• SUPPLIED MATERIAL:
*** Begin section ***

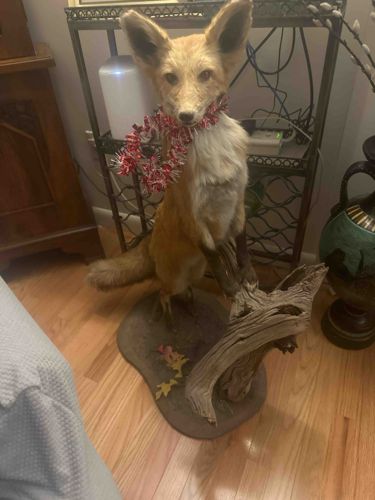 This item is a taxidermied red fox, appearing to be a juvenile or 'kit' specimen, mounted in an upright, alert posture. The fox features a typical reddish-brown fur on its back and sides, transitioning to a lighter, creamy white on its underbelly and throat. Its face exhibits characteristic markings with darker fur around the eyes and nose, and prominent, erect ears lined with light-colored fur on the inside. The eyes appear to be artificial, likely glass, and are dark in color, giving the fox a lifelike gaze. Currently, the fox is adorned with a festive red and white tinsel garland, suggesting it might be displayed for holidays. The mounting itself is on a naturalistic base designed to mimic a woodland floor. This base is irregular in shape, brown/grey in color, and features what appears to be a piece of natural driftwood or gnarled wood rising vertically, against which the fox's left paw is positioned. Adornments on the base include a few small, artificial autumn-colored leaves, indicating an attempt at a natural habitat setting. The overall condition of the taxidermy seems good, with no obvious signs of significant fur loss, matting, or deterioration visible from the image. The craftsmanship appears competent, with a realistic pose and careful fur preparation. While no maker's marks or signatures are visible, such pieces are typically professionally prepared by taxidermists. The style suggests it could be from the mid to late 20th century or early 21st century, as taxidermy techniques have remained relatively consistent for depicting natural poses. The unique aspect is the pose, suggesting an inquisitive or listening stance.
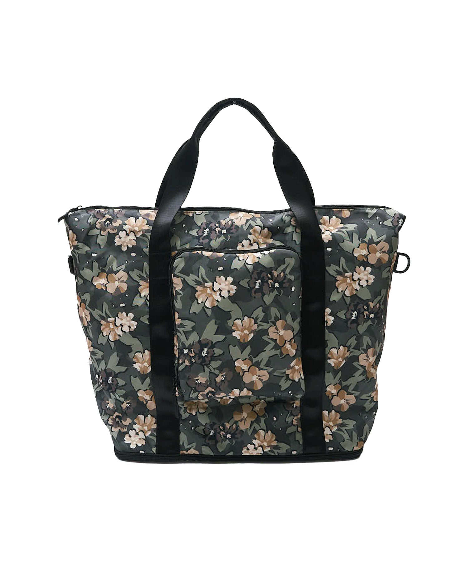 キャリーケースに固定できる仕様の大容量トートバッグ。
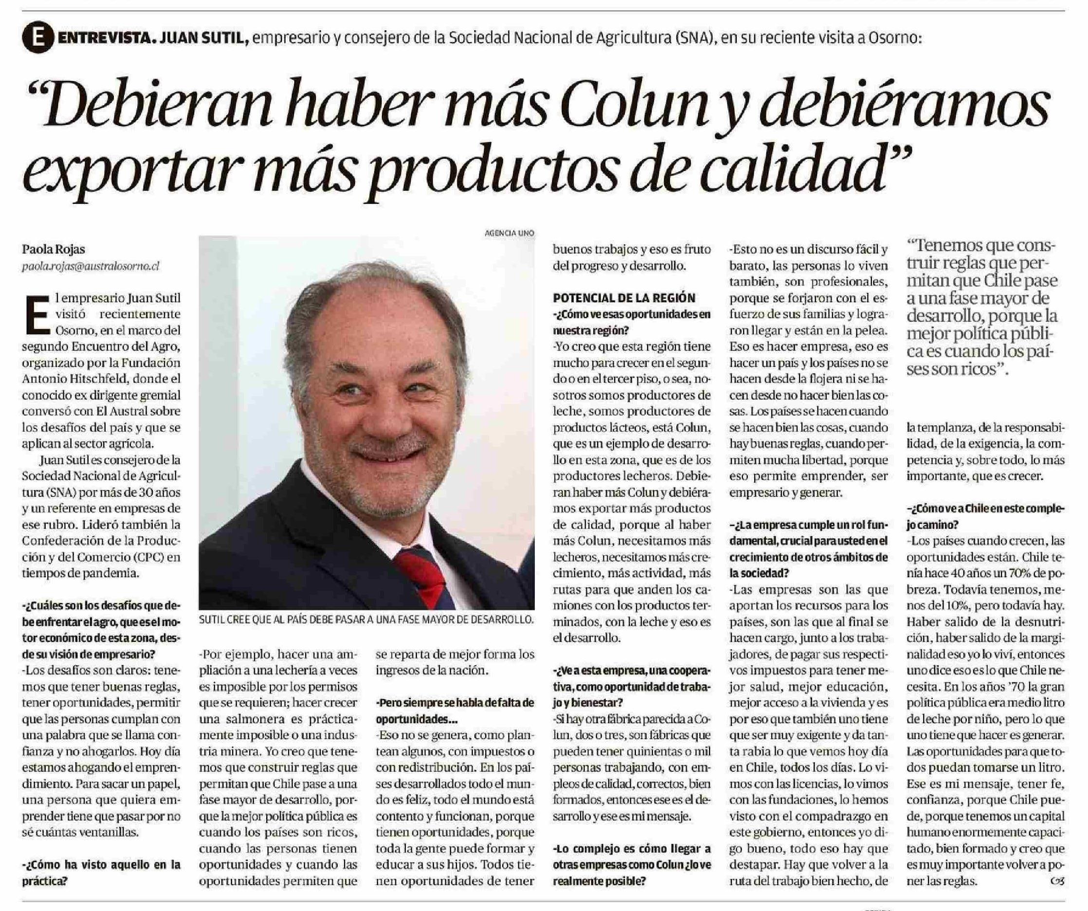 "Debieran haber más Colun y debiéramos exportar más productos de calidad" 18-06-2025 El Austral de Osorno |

*** End section ***

Could the lines from the one with "キャリーケースに固定できる仕様の大容量トートバッグ。" through the last line of the material above be written out exactly, both included, with pictures left out?

 キャリーケースに固定できる仕様の大容量トートバッグ。
 "Debieran haber más Colun y debiéramos exportar más productos de calidad" 18-06-2025 El Austral de Osorno |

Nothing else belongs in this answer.